I let his wrists go and drew my hair back from where it caught in my lip, sinking into the magic and lust of the kill. His blood entered my mouth so fast my spine rolled as I gulped it down, and it tasted like bitter dark chocolate, so rich that the female essence in me wanted him. All of him, even though I couldn’t say what he looked like or even what colour his hair was. He was blood, and sex, and that was all.

When his hands wrapped my hips and a pair of thumbs moved down the back of my jeans, I pulled back with a giant gasp and slapped him clean across the face. Which only made the demon huntress in me so much more enthused.

“What the hell?” He rolled up slightly, holding his cheek.

“I came for blood,” I said, swinging my leg over him and standing up. “Not sex.”

He grabbed the pocket of my jeans and swept me back down onto him. “Well, maybe I want a little payment for my blood.”

I cocked my head sideways and smiled. “Of course.

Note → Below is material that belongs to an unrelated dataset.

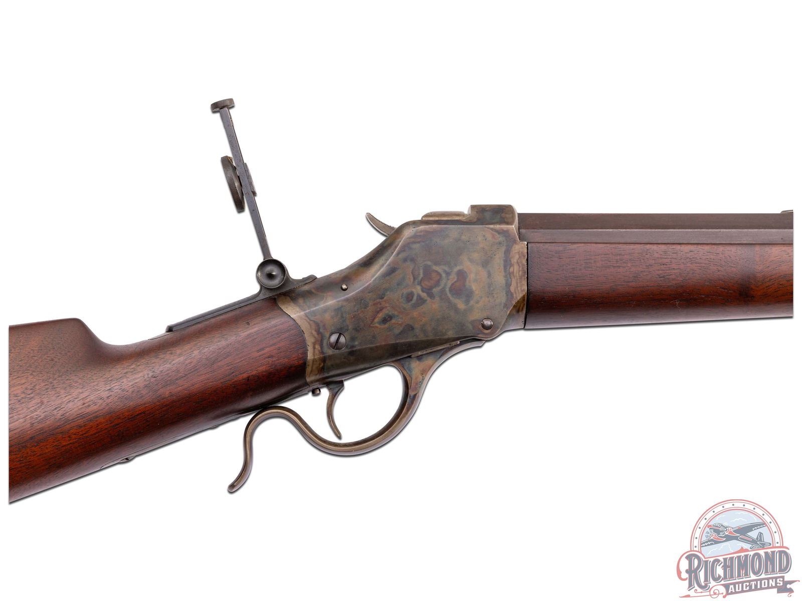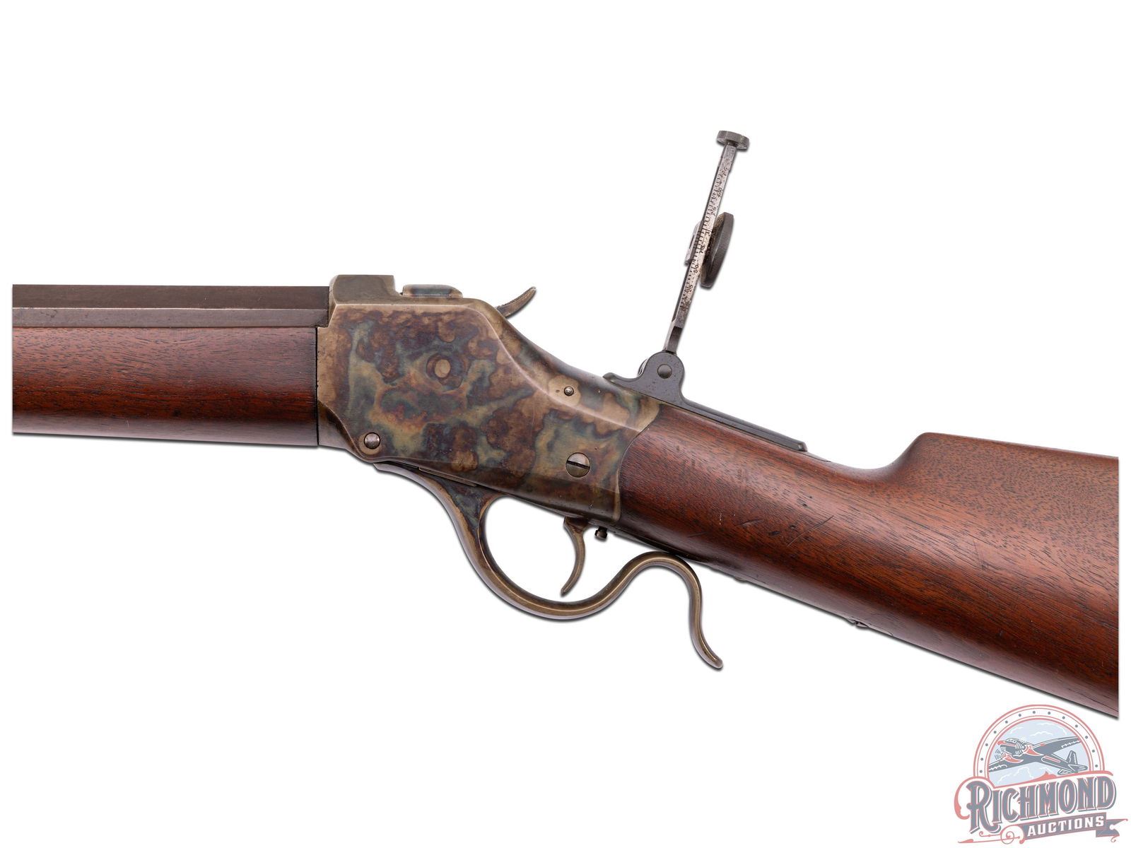 85% original barrel blue fading to plum with light speckling. 95% vivid case colors with light edge wear. 90% original varnish with light handling dings. Bright bore with crisp mechanics.

How rude of me.”

He took that to mean I agreed; guess he didn’t hear the sarcasm in my voice.

While his thoughts moved on to my breasts, his hands following, I drove mine seductively into his hair and gave his skull a very slight, very gentle zap.

My body jerked up and down like a kid on a washing machine, as the man quivered and convulsed under me, his fingers seizing up around my breasts until I shoved them off. The poor baby in my belly gave a little jump and rolled over, and I did the same, lunging off my victim just as a line of urine darkened his jeans.